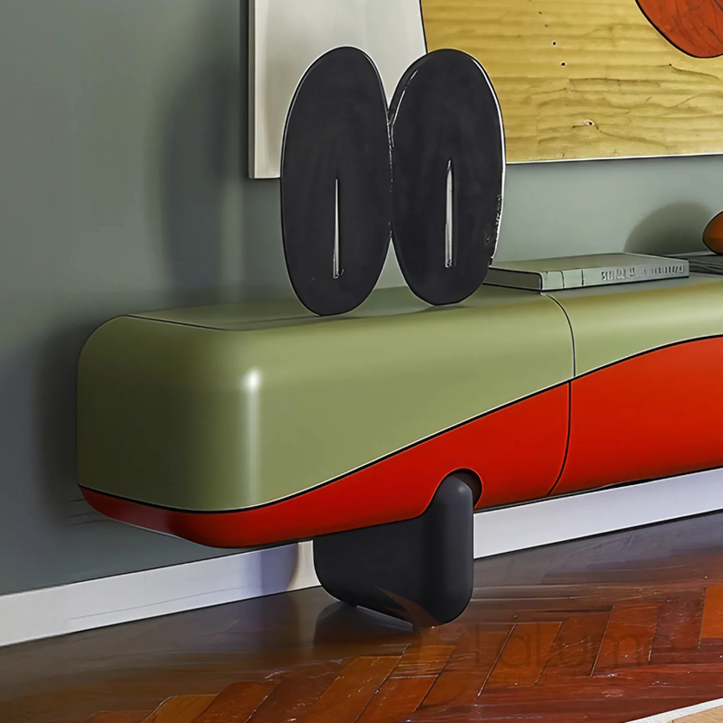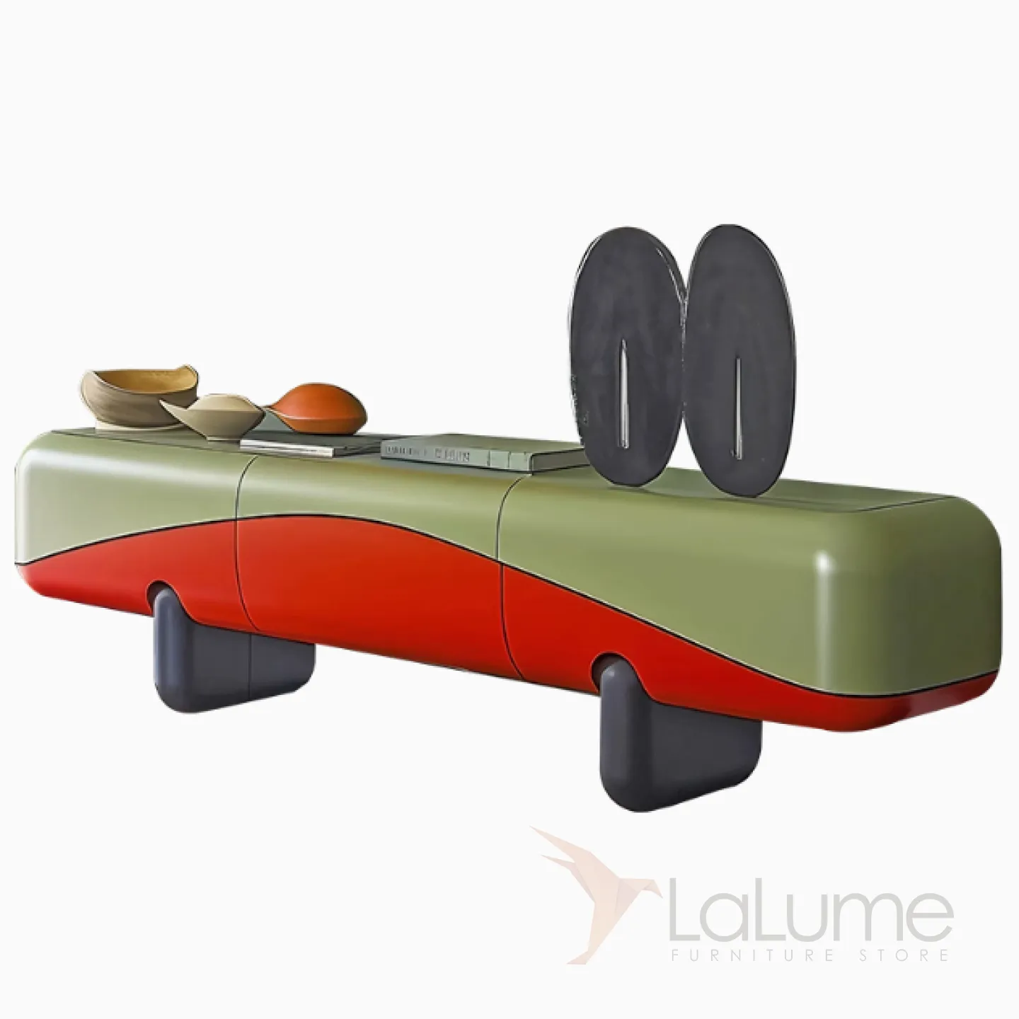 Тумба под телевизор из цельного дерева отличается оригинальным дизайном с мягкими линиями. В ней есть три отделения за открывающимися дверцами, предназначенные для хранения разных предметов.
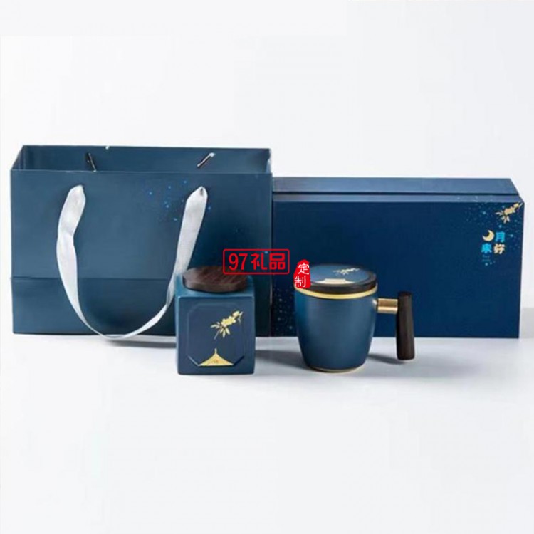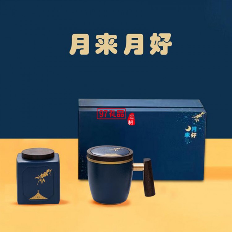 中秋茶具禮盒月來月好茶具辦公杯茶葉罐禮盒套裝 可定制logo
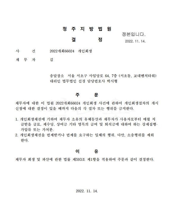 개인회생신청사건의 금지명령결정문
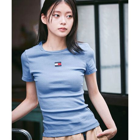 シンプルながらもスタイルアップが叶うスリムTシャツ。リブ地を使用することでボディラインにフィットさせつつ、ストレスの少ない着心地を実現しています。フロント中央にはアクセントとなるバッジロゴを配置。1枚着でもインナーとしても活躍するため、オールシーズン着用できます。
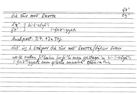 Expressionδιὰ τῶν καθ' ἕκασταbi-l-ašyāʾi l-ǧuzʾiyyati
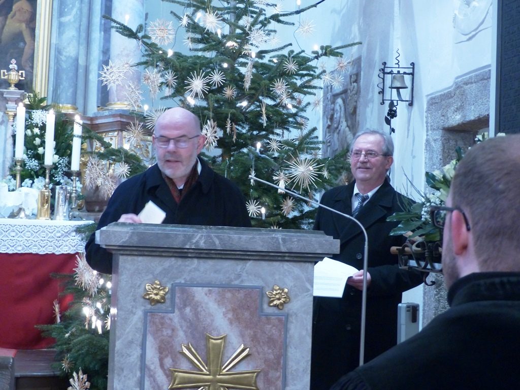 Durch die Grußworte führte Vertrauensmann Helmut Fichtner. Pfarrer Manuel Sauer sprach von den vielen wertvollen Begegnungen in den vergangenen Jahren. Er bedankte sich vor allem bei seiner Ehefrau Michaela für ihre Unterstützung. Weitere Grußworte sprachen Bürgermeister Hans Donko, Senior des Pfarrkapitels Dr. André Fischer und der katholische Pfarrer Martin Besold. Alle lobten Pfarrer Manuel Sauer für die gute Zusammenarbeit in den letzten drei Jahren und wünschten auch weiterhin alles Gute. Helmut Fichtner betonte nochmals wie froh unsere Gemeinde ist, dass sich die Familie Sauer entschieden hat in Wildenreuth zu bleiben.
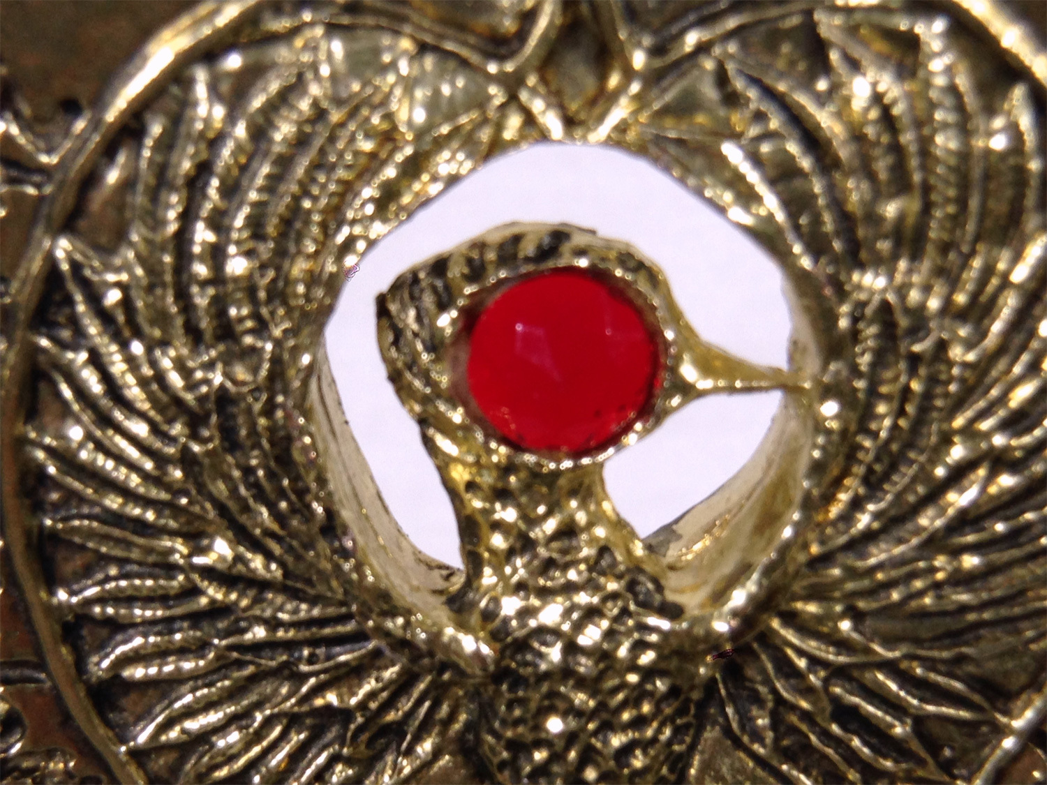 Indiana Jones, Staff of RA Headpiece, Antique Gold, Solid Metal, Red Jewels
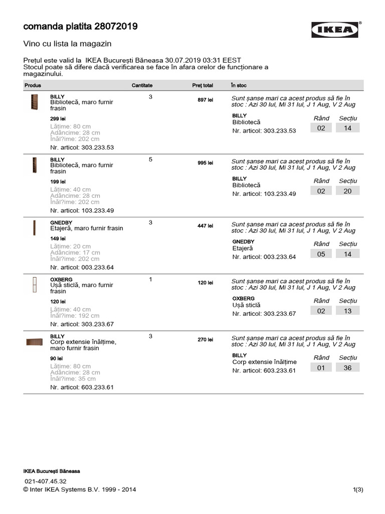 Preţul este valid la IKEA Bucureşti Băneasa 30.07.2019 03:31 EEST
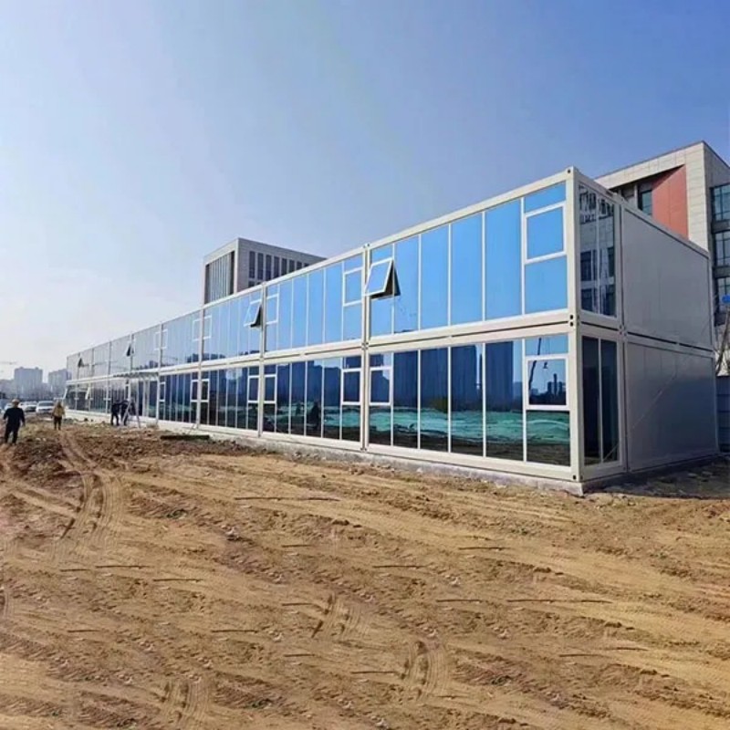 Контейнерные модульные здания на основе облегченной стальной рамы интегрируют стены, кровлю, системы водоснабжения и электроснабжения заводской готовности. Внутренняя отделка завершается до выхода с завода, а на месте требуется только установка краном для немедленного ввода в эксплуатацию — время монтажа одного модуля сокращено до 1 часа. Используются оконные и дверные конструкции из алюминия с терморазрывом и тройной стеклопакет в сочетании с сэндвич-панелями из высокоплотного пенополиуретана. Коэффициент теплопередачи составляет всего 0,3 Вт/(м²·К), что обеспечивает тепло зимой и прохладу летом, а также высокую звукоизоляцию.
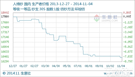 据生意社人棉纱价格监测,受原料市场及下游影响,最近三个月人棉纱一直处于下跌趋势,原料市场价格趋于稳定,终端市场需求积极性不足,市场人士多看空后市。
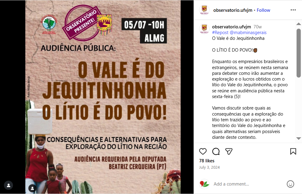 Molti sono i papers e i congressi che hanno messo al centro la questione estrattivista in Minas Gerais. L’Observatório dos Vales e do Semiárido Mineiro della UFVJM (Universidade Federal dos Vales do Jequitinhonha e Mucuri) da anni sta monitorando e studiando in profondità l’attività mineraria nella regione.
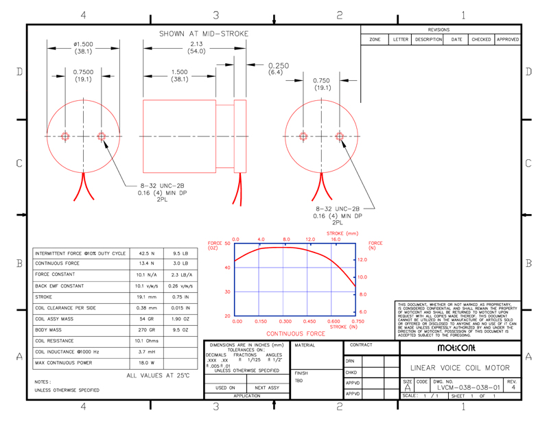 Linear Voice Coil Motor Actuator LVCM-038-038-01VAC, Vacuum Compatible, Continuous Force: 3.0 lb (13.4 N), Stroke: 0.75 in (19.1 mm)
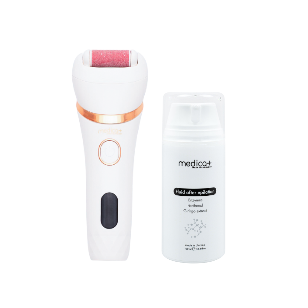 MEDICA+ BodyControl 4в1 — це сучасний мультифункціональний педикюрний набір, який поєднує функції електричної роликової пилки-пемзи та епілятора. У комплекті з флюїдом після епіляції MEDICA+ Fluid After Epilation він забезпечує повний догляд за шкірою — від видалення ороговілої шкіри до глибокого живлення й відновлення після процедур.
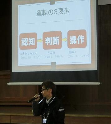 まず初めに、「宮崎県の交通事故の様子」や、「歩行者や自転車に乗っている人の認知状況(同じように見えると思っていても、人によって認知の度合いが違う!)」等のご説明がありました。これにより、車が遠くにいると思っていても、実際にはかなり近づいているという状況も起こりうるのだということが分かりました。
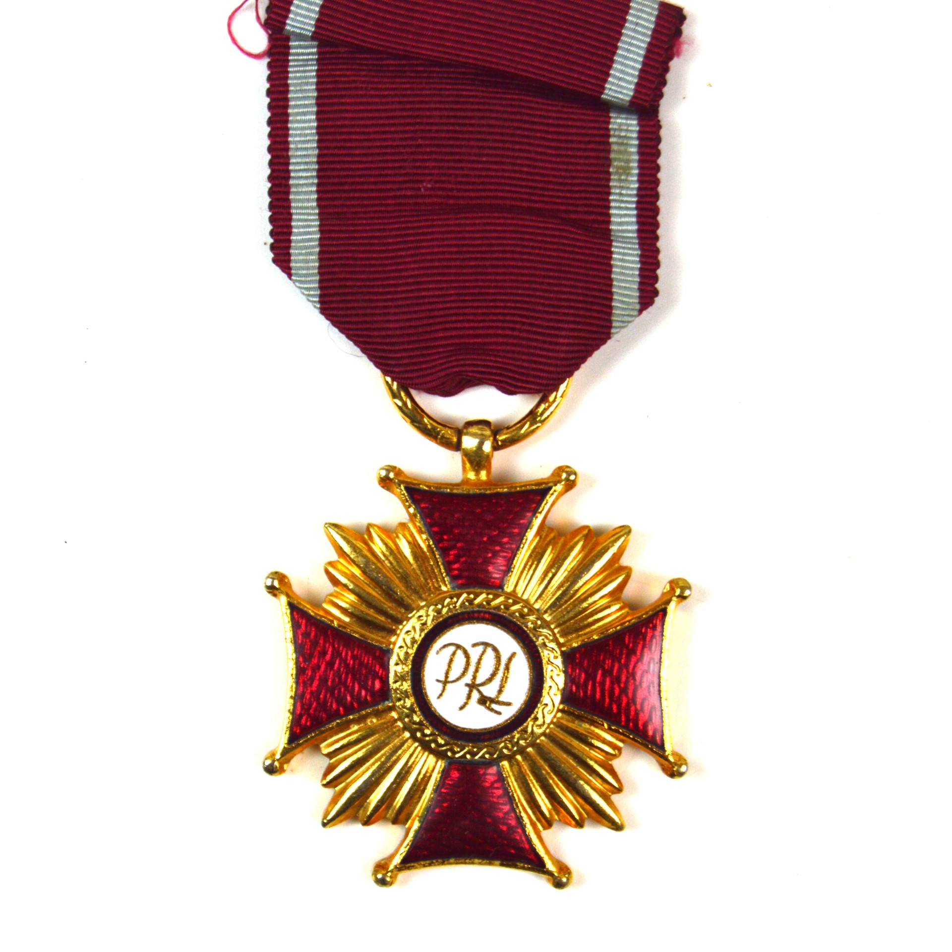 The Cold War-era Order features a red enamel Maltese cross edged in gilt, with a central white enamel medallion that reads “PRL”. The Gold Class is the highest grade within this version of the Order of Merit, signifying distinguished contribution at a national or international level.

____

■ About this exercise
Copy only the lines above from the one containing "Контейнерные модульные здания" through the one containing "据生意社人棉纱价格监测,受原", both included. Leave out the pictures.

■ Reply
 Контейнерные модульные здания на основе облегченной стальной рамы интегрируют стены, кровлю, системы водоснабжения и электроснабжения заводской готовности. Внутренняя отделка завершается до выхода с завода, а на месте требуется только установка краном для немедленного ввода в эксплуатацию — время монтажа одного модуля сокращено до 1 часа. Используются оконные и дверные конструкции из алюминия с терморазрывом и тройной стеклопакет в сочетании с сэндвич-панелями из высокоплотного пенополиуретана. Коэффициент теплопередачи составляет всего 0,3 Вт/(м²·К), что обеспечивает тепло зимой и прохладу летом, а также высокую звукоизоляцию.
 据生意社人棉纱价格监测,受原料市场及下游影响,最近三个月人棉纱一直处于下跌趋势,原料市场价格趋于稳定,终端市场需求积极性不足,市场人士多看空后市。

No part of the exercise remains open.